Descaminhos: abril 2012

terça-feira, abril 17, 2012

O avesso da confabulação

Se é verdade que nossas recordações constituem uma boa parte do que somos, desse eu pelo qual nos reconhecemos e ao qual referimos nossos pensamentos e ações, por outro lado deve ser notado que amiúde acontece de possuirmos uma miríade de recordações com as quais não mais nos identificamos apesar de as sabermos nossas. Não mais somos capazes de reconhecê-las como sendo parte daquilo que somos, não mais nos sentimos à vontade de conjugá-las na primeira pessoa; guardamos tão somente o registro, o protocolo emitido pelo hábito das narrações, de que fomos nós os personagens daquelas cenas. Um estranhamento fantasmagórico, contudo, acompanha essa consciência: de alguma forma ela deixou de ser a consciência que temos de uma experiência que de fato vivenciamos e reconhecemos como sendo a nossa, de alguma forma ela agora se apresenta diante de nós tão somente como a consciência ex auditis que temos de uma história que nos foi contada. E, de fato, trata-se da mera consciência de uma história narrada, e não da consciência de uma história vivenciada, pouco importando aqui que, no caso, tenhamos sido nós mesmos, ou alguma versão de nós, simultaneamente os narradores e personagens da narrativa.
Enquanto nos referimos às recordações das histórias vivenciadas como sendo um elemento essencial de nossa própria constituição, as recordações das histórias narradas integram um repertório de experiências difusas que pouco se diferenciam de nossa capacidade imaginativa. Entram, é claro, na complexa equação da qual somos resultado e pela qual respondemos, mas não num sentido essencialmente diferente do que a recordação dos enredos das epopeias, tragédias, dramas e romances que lemos ou de que ouvimos falar.
O estranhamento se dá diante da consciência de que, em algum momento, nossa relação com aquela história narrada já foi uma relação vivenciada. Eu sei que aquela recordação é minha, mas o sei apenas porque me lembro de minha própria memória recontando a história para si mesma.
Muitas podem ser as formas da morte.
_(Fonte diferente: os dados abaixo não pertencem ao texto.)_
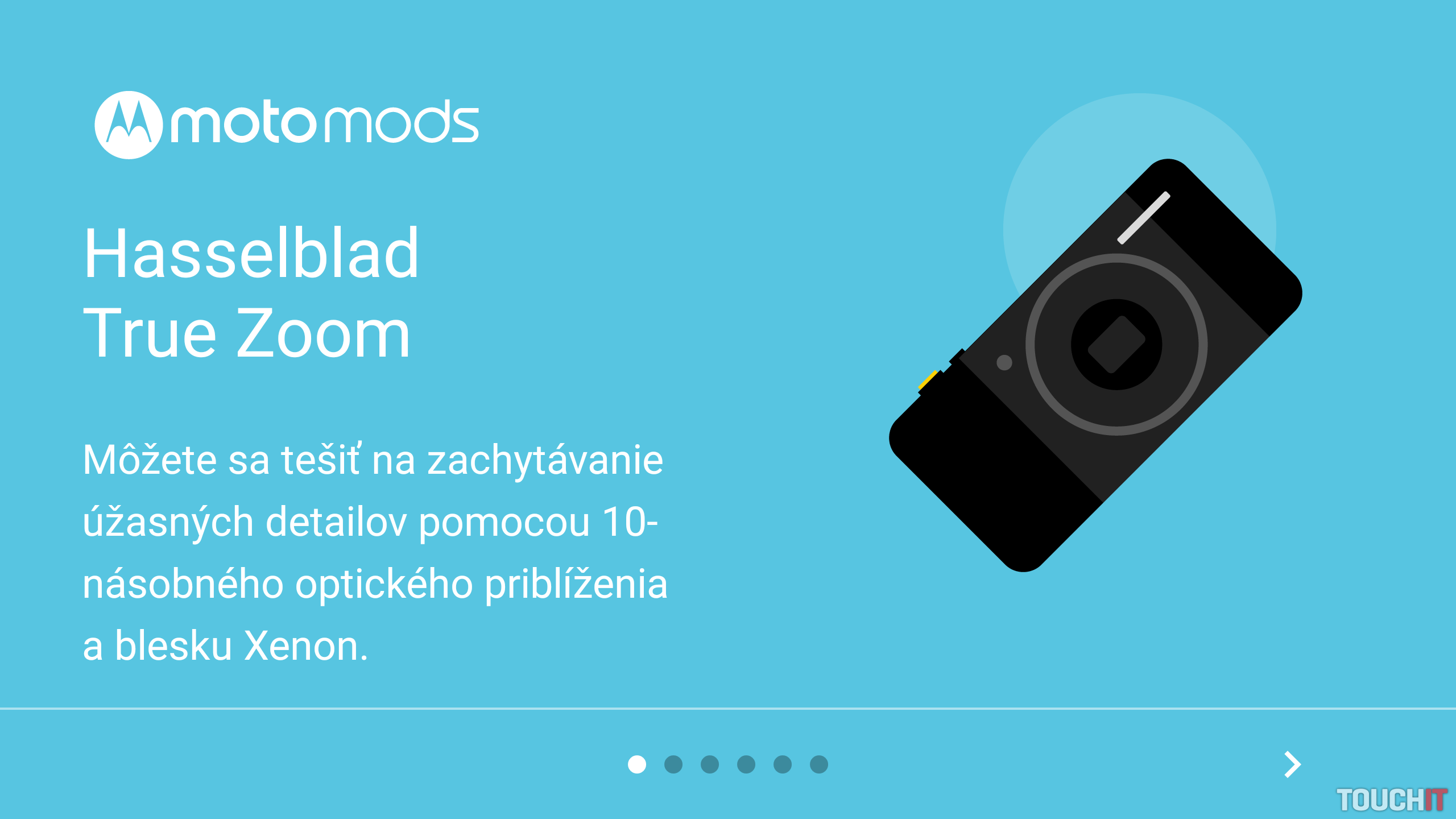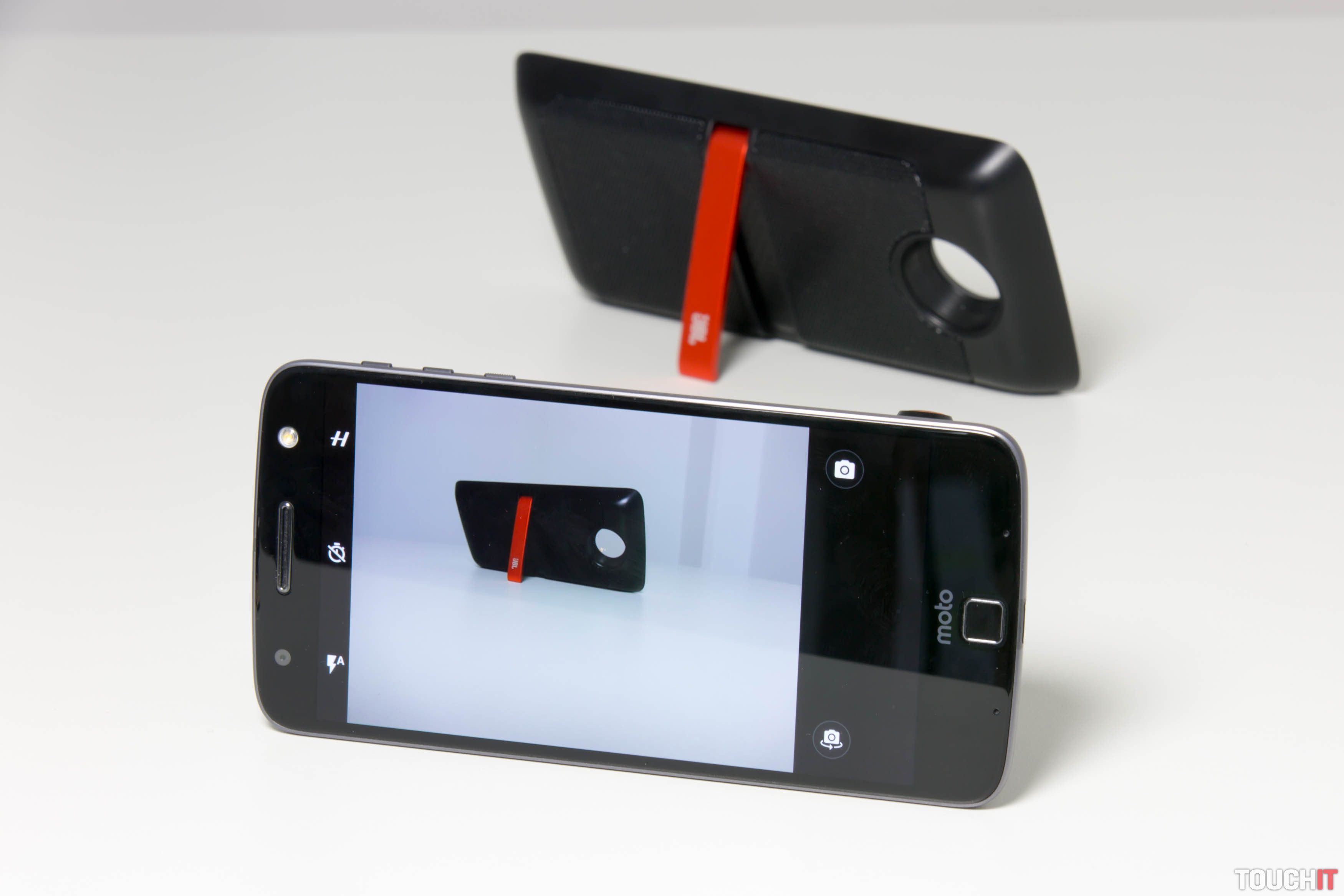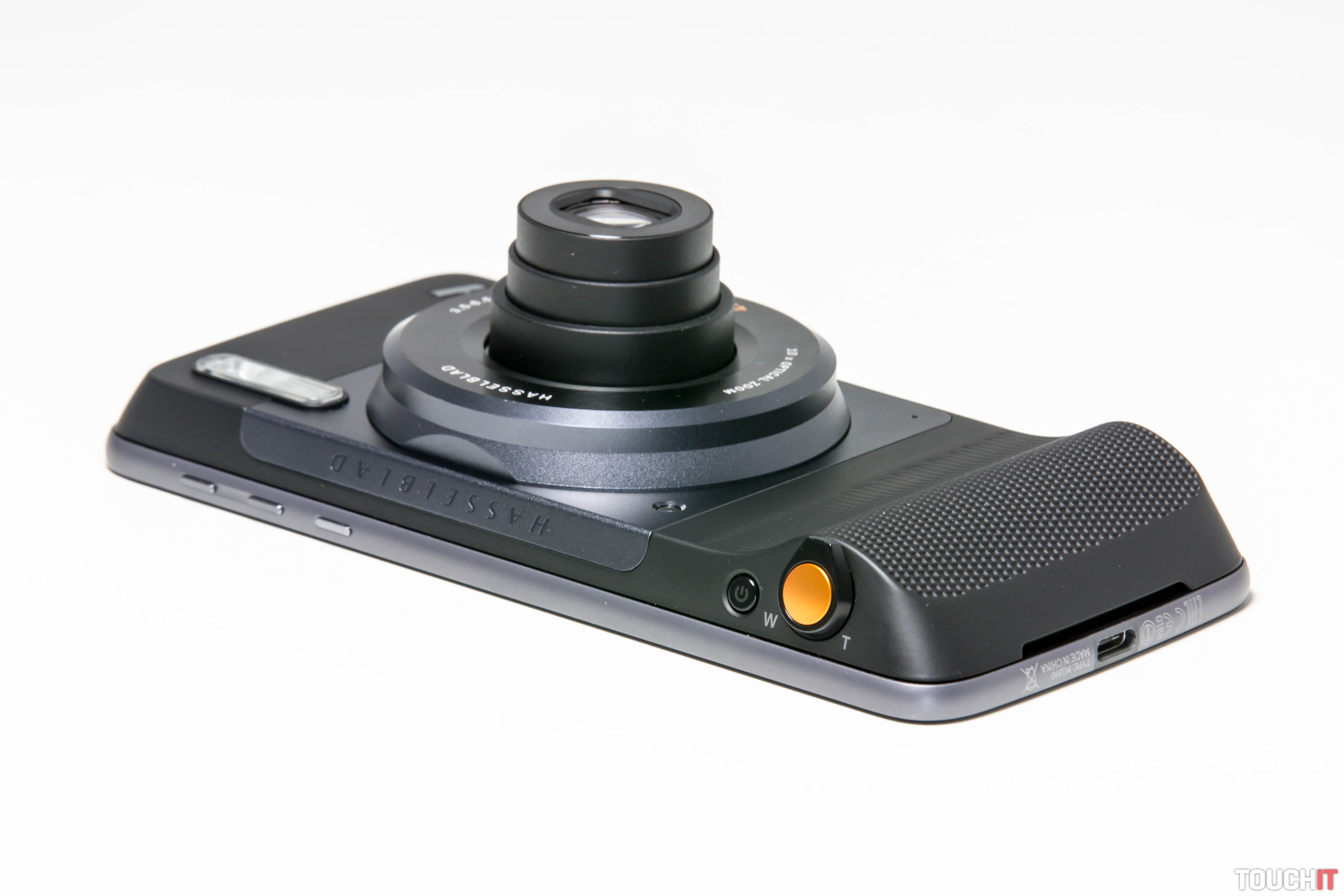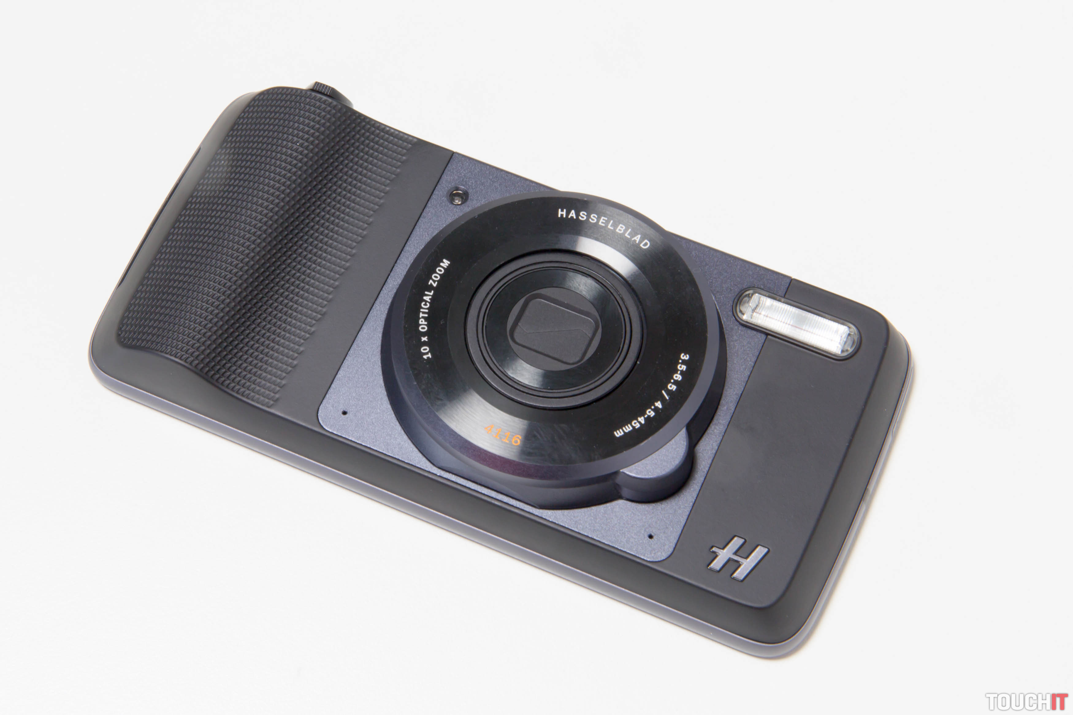 Špecialitou je modul Hasselblad True Zoom. Ten rozširuje fotoaparát v telefóne o xenónový blesk a 10-násobný optický zoom. Z pohľadu smartfónu získate bezkonkurenčnú výbavu, ale zrkadlovku vám Moto Z s Hasselblad modulom nenahradí. Optický zoom je výborná funkcia, treba si však uvedomovať jej limity. Pri fotení statických objektov využijete priblíženie naplno, v prípade pohyblivých objektov je problém fotiť fotografie tak, aby neboli rozmazané – s tým však má pri priblížení problém väčšina klasických fotoaparátov, treba použiť zrkadlovku. V praxi sme si to vyskúšali na módnej prehliadke. Modul stojí 299 eur.

Em uma passagem que, avant la lettre, poderia ser dita cheia de ecos borgianos, Spinoza afirma, com a naturalidade de quem dissesse “está chovendo”, que nenhuma razão nos obriga a considerar que um corpo somente morre quando se encontra transformado em cadáver. “Muito pelo contrário, conforme a experiência mesma nos ensina”, ele diz. O texto, então, assume um tom mais sombrio. Spinoza menciona que ouviu falar de certo poeta espanhol que, uma vez gravemente adoecido e não obstante tendo por fim se recuperado da moléstia, perdeu de tal forma a memória que não mais reconhecia como suas as fábulas e tragédias que outrora escrevera. “Por vezes”, comenta o filósofo, “acontece que um homem sofra mutações tais que dificilmente poderia ser dito permanecer ainda o mesmo”. O contexto da passagem é mais radical do que a mera citação deixa transparecer: Spinoza não está simplesmente afirmando que as pessoas mudam conforme suas experiências, o que de resto seria uma banalidade, mas sim que certas afecções podem modificar de tal maneira os indivíduos que, rigorosamente falando, eles morrem e se tornam outros.
Se hoje é bem conhecida a possibilidade de que cheguemos a acreditar sinceramente em recordações de eventos que jamais aconteceram (e os trabalhos de Elizabeth Loftus demonstram inclusive a possibilidade de tais recordações serem deliberada e clinicamente criadas), o avesso dessa confabulação é nos depararmos com recordações que deixaram de ser propriamente nossas, ainda que reais e de modo algum esquecidas. Arrebentada a cadeia virtual de inumeráveis atualizações que ligava numa ponta o momento do acontecimento propriamente dito e, na outra, sua narrativa mais recente, tais recordações passam a vaguear destripuladas e à deriva pelas vastidões oceânicas de nossa alma à espera da misericórdia do esquecimento. Trata-se da desconcertante experiência de que, como num aborto retido, carregamos em nós partes mortas do que já fomos.
O passado pode estar povoado por diversos fantasmas, mas os mais assustadores são aqueles diante dos quais guardamos um respeito incomum, quase reverencial: aqueles que se desprendem dos cadáveres de versões apodrecidas de nós mesmos.